- _Supplied data_:

· · · ·

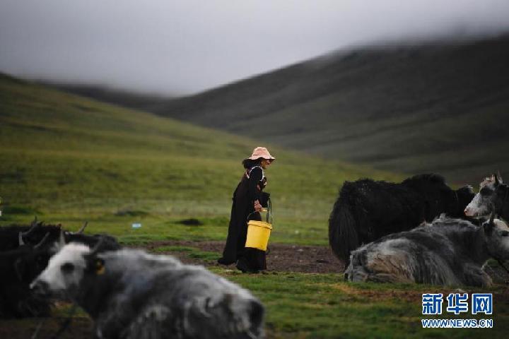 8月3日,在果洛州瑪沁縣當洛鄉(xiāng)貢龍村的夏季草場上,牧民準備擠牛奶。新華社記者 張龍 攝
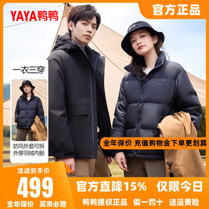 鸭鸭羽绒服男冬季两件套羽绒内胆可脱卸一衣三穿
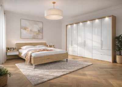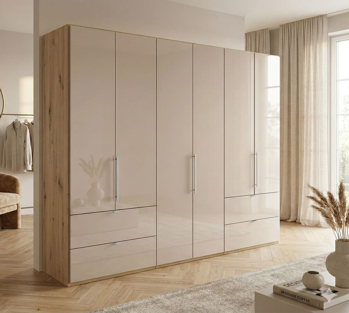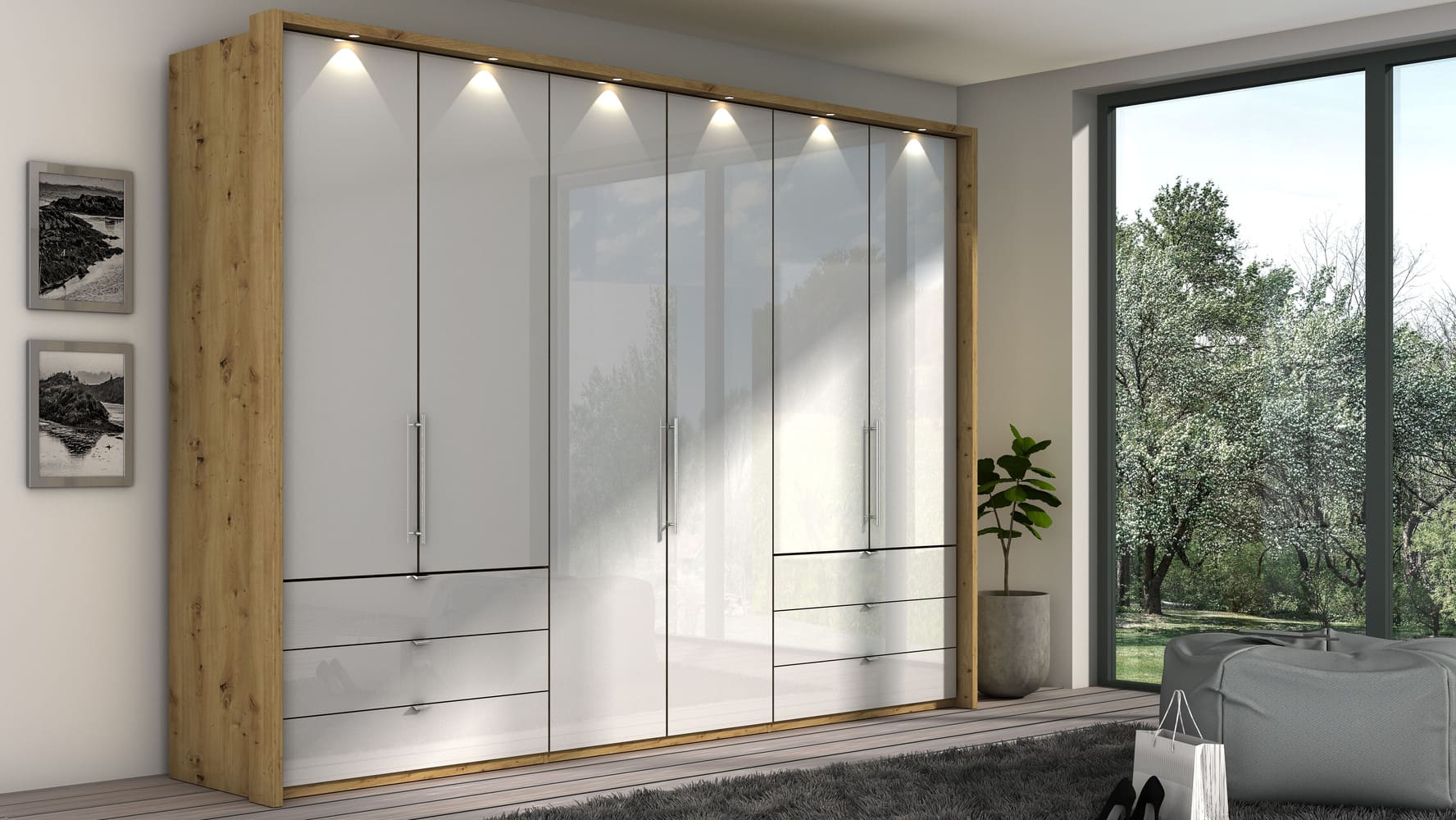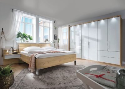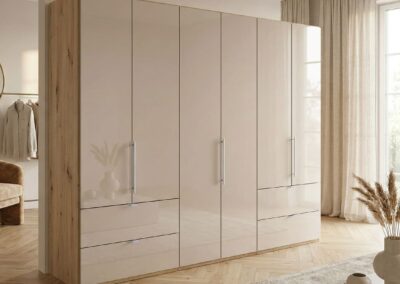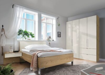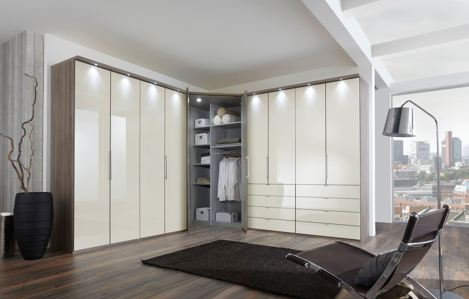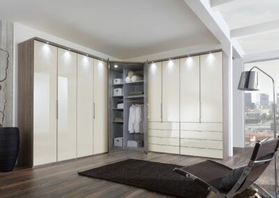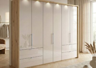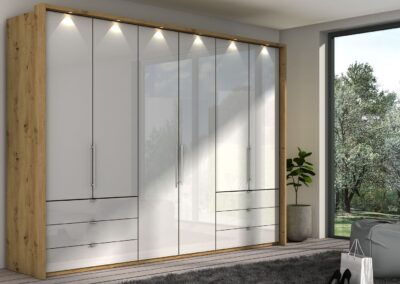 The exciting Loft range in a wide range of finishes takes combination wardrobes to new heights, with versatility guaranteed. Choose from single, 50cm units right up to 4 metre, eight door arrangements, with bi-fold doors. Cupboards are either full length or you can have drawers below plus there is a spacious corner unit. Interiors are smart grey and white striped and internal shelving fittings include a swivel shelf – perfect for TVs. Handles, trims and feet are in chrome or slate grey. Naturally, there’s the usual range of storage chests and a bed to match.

· · · ·

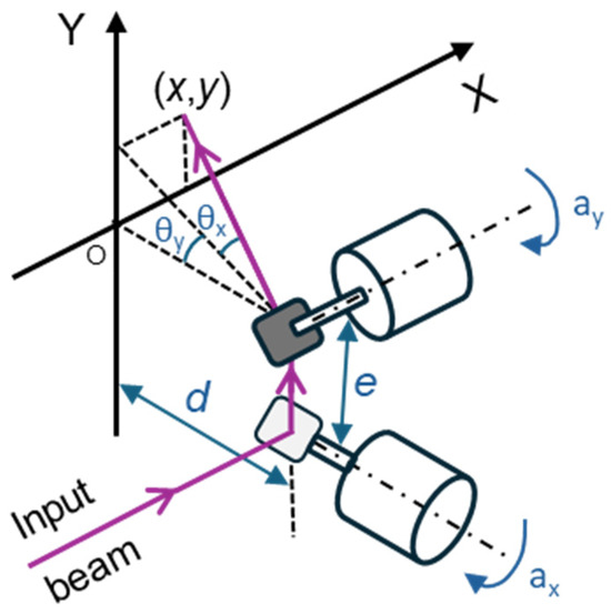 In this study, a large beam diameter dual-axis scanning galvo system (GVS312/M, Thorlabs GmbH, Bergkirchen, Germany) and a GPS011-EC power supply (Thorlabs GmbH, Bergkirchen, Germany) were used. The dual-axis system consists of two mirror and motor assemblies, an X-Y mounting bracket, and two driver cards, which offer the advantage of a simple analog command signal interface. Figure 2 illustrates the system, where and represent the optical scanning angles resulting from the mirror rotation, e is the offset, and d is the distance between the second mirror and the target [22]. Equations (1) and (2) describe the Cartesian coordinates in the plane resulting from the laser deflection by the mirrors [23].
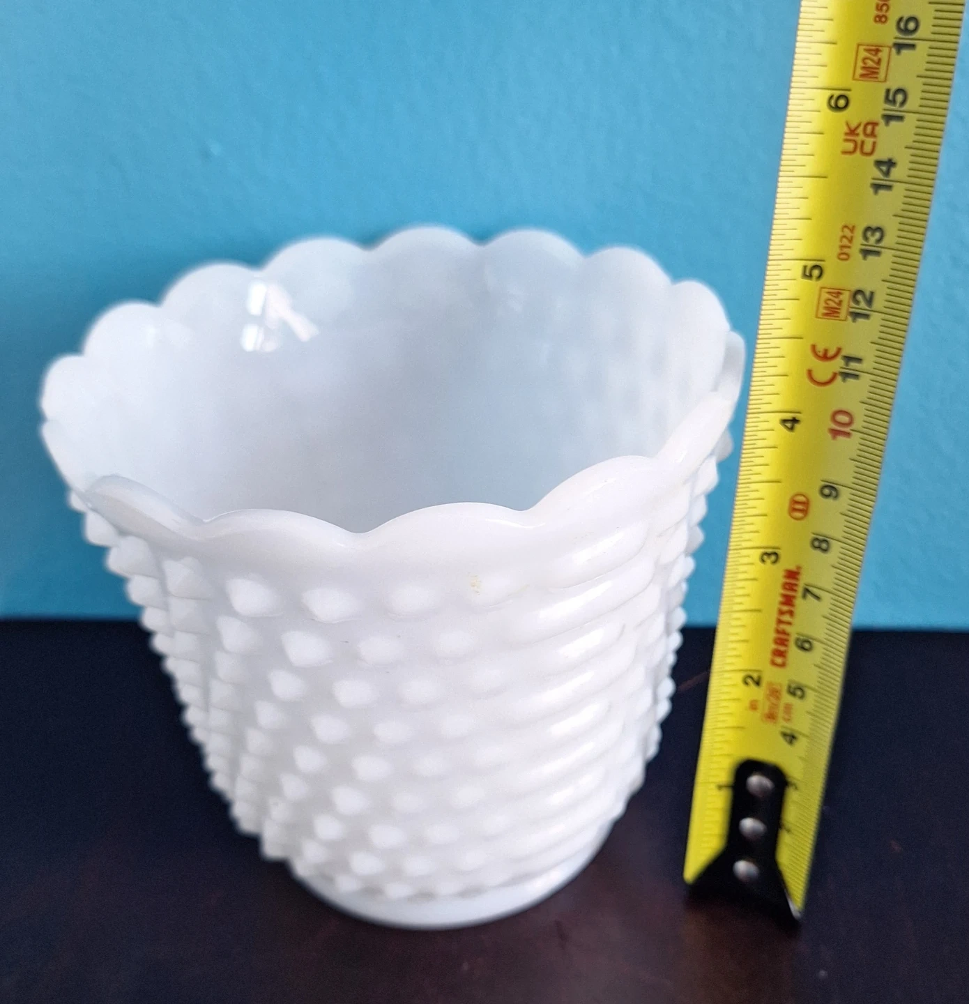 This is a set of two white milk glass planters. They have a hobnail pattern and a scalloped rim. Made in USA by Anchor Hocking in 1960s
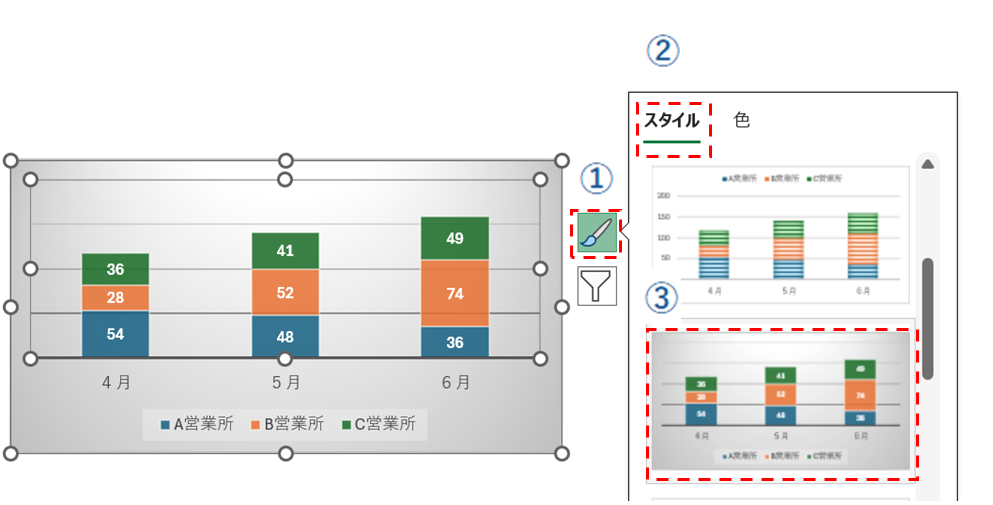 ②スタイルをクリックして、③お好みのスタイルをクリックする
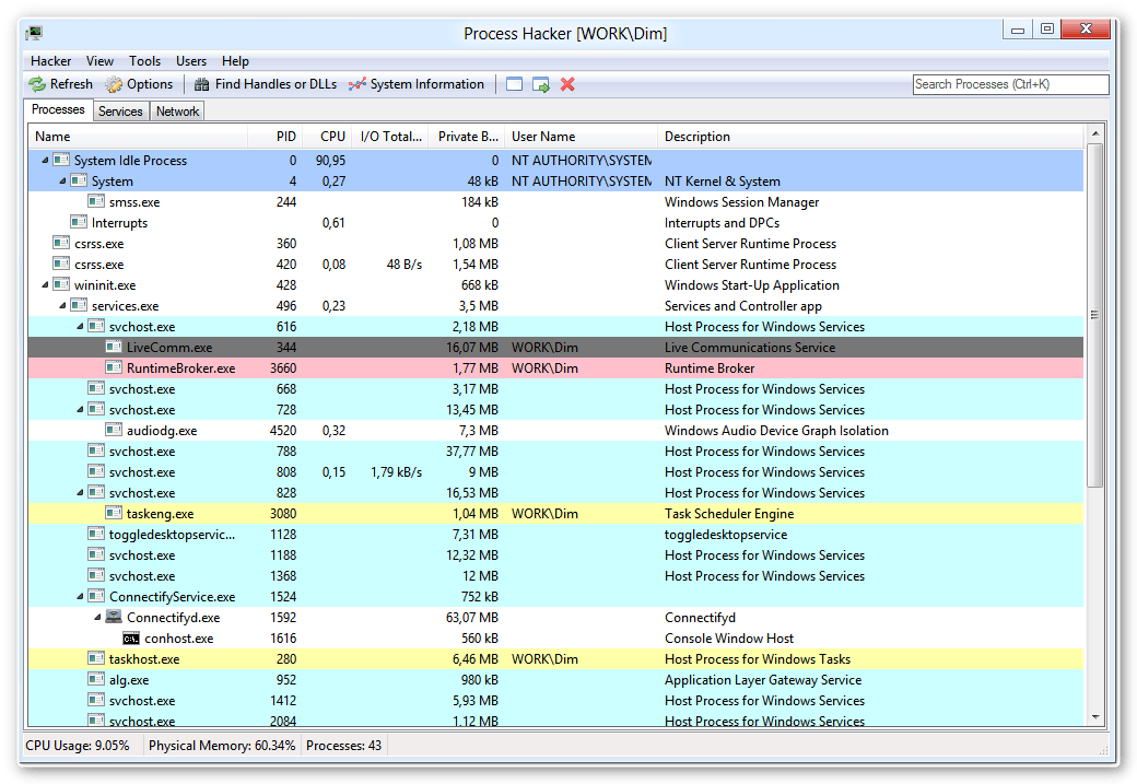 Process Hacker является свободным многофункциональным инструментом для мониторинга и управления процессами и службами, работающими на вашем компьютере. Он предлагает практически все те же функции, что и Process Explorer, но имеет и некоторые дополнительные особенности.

· · · ·

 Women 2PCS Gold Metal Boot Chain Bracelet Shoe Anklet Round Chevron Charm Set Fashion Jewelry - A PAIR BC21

· · · ·

- _Instructions to follow_: Return only the stretch above from the line containing "8月3日,在果洛州瑪沁縣當洛鄉(xiāng)貢龍村的夏季草場上,牧民準備擠牛奶。新華社記者 張龍 攝" through the line containing "The exciting Loft", word for word and without pictures.

- _Answer to the exercise_:
 8月3日,在果洛州瑪沁縣當洛鄉(xiāng)貢龍村的夏季草場上,牧民準備擠牛奶。新華社記者 張龍 攝
 鸭鸭羽绒服男冬季两件套羽绒内胆可脱卸一衣三穿
 The exciting Loft range in a wide range of finishes takes combination wardrobes to new heights, with versatility guaranteed. Choose from single, 50cm units right up to 4 metre, eight door arrangements, with bi-fold doors. Cupboards are either full length or you can have drawers below plus there is a spacious corner unit. Interiors are smart grey and white striped and internal shelving fittings include a swivel shelf – perfect for TVs. Handles, trims and feet are in chrome or slate grey. Naturally, there’s the usual range of storage chests and a bed to match.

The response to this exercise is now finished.